I spent most of my years in the military operating in the Recon genre of Special Operations. A job that had me living out of a rucksack for days if not weeks at a time. I learned very quickly in combat what optimization and efficiency meant, how important considering every ounce was, and how that truly equaled readiness on the battlefield. An early example is water and how we packed it out. On long-range movements on operations, we typically would bring 7 quarts of water per day and have a minimum of 3 days’ worth of water on infiltration. A quart weighs around 2lbs; so easy math, you are looking at 40lbs of water starting off—this made carrying all of our recon gear, comms, ammo, etc. around 120lbs at a minimum. With varied infiltration options, jumping, maritime, long walks, the list goes on, we were damn near combat ineffective from the onset. As we evolved through the war, we started analyzing terrain and utilizing natural water points for resupply, which cut our weight nearly in half.

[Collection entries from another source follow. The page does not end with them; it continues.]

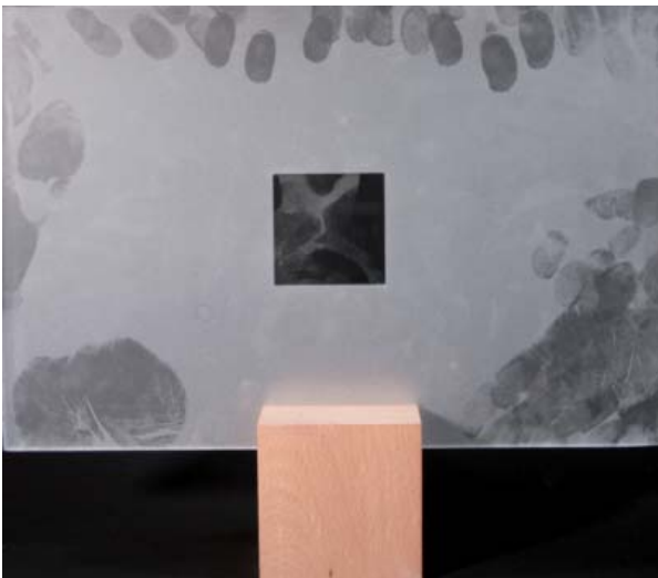
Ohne PROVETRO-Griffschutz Without PROVETRO Sandblasted surface protector
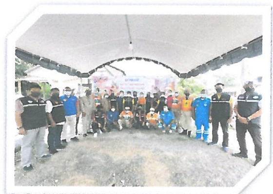
โครงการลดอุบัติเหตุทางถนนในเทศกาลต่าง ๆ
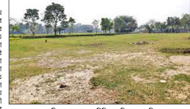
ক্রান্তিতে থানার জন্য চিহ্নিত জমি। - সংবাদচিত্র

ক্রান্তি, ২৬ মার্চ : ছয়টি গ্রাম পঞ্চায়েত নিয়ে গঠিত ক্রান্তি রকের জনসংখ্যা দেড় লক্ষাধিক। বছর তিনেক আগে ক্রান্তি রকে রূপান্তরিত হয়েছে। তবে রক গঠনের বহু আগে থেকে ক্রান্তিতে থানা নিমার্ণের দাবি রয়েছে গ্রামবাসীদের। একদিকে চা বাগান। অন্যদিকে, জঙ্গলে ঘেরা এলাকার মানুষকে পরিষেবা দিতে হিমসিম খেতে হয় ক্রান্তি পুলিশ ফাঁড়িকে। সীমিত সংখ্যক কর্মী দিয়ে ক্রান্তি আউটপোস্টকে মুখোপেক্ষী হয়ে থাকতে হয় মালবাজার থানার ওপর।
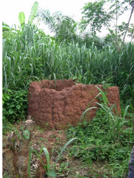
Ancien lieu de culte dédié à Sakpata, divinité de la variole. Seuls les murs restent et aucune trace d'offrande n'est visible.

depuis 2000, ainsi que le Maire d'Allada dont dépend le village d'Ahouannozoun depuis 2002, ces deux instances administratives reconnaissant ses droits. Cependant, ses actions doivent être entérinées par l'administration. Les lieux de culte montrent actuellement un état d'abandon. Dans ce cas, ce ne sont pas les pratiques religieuses mais le besoin de développement de l'économie locale et la volonté de conserver le patrimoine culturel et naturel local qui justifient les actions de ce responsable. (Ahouannozoun, 20/07/2004).
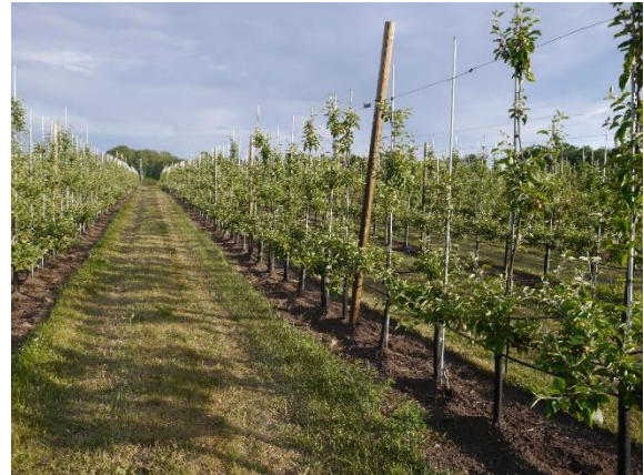
Bilde fra en ung økologisk tettplanting i Østfold, hvor ugraset er under kontroll og gjødsla er moldet ned. Dryppvanningsslangene er montert høyt for å unngå skade fra maskinelt ugrasutstyr.

Debio har også laget noen enklere introduksjoner til regelverket for økologisk landbruk, som kan leses her .
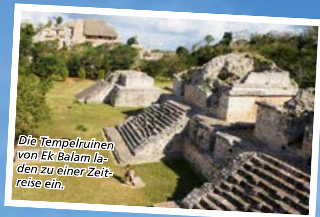
Die Tempelruinen von Ek Balam laden zu einer Zeitreise ein.

Die Halbinsel Yucatán an der Karibikküste Mexikos macht tropische Urlaubsträume wahr und bietet Kultur und Natur.

On deployments, I began to do more mobility centric operations because the terrain we were operating in (over 10k feet) deprived us of oxygen and compromised our physical capabilities. In Special Operations, we had the luxury in preparation to pick and choose equipment and decided that ATV, side by side, and non-standard vehicles were the best bet. We acquired recoilless rifles, machine guns, ammo cans, mounts, and fixed them to every vehicle we owned and began living and operating off our rigs. One saying I’ll always remember is, “the mobility platform is an extension of your rucksack and should be loaded out accordingly.” I also learned you need to understand all strengths and weaknesses of your platform prior to the operation. For example, ATV, great for narrow paths and quick maneuvers, but obviously offers no protection against gunfire and IED’s and was limited in payload in sheer weight. I learned that Land Rovers although not always the most reliable were good enough for combat and was like an old stubborn mule in that it would go anywhere in the worst terrain that Northern Afghanistan had to offer.
As I translate a lot of the elements of rucks into mobility for our clients at Fieldcraft Survival, all these experiences make me wonder. How viable are our vehicles that we use today and how capable are they really in the worst-case scenario?

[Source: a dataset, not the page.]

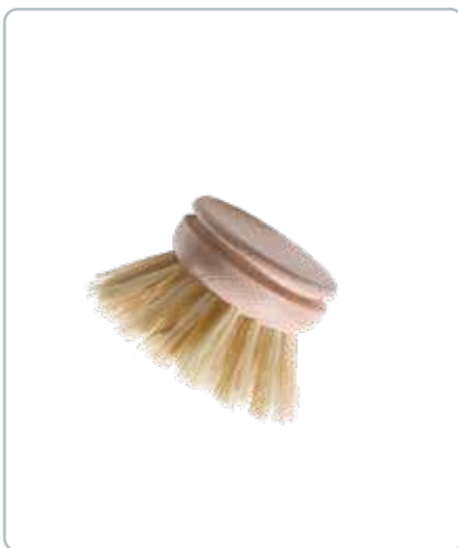
6805 OPVASKEHOVED af bøgetræ Udskifteligt opvaskehoved der passer til 6800 opvaskebørste, D: 40 mm
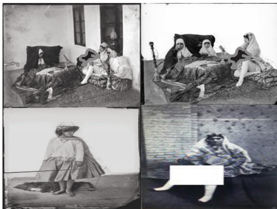
تصاویر ۳. زنان در اندرونی‌ها (Through Persia on a Side-Saddle)

در این تصاویر سوم، شکل آرایش موها، حالت‌های ایستادن، نشستن و خوابیدن، به کارگیری عناصر بصری، همه در بستر جنسیت و هویت است که معنا می‌شوند. ملاک معنا، دیده شدن این زن‌ها هستند در اندرونی‌ها. «چرا که در آن زمان سکس‌والیته به منزله‌ی یکی از عناصر نیرومند خیال‌پردازی بر ساخته‌ی غرب، جایگاه پیچیده‌ای در گفتمان‌های شرق‌شناسانه داشت، رابطه‌ی بین زنان، دیگری و شرق در قرن نوزدهم به عنوان موضوعی در هنر ادامه

Imagine this… Imagine that all the electricity went out indefinitely. The ATM machines, the gas stations, the convenient and grocery stores, hospitals, cell phone towers, your house, everything was out. You are literally left in the dark. How long would you last? This question has made me rethink a lot of my own preparation and my own mindset. I mean is it really that farfetched to imagine the electricity being knocked out by a natural or manmade disaster? Well let’s play hypotheticals for the sake of discussion.
Most you will probably consolidate the best way you can with loved ones. You’ll drive to where your kid goes to school to pick them up, you’ll go to your spouse’s work to try and find them, given the absence of cell phone communication. If you are lucky, this all goes smoothly; but then what? If you haven’t prepared, you more than likely will try and go to the grocery store, and if you are one of the lucky ones that carry cash, you’ll use the last bit of cash you have to buy as much fresh water and food as possible. What do you think everyone else is doing? You guessed it, the same exact thing. So herein lies the problem, which on a smaller scale is comparable to a lot of the resources being scarfed up due to an impending storm, hurricane, etc. Even with all the infrastructure intact, the resources allocated by the supply chain of grocery and retail stores will be depleted in days, sometimes hours. Can you imagine if there were no available resources, zero electricity and panic ensued? You bet things would get real, really fast.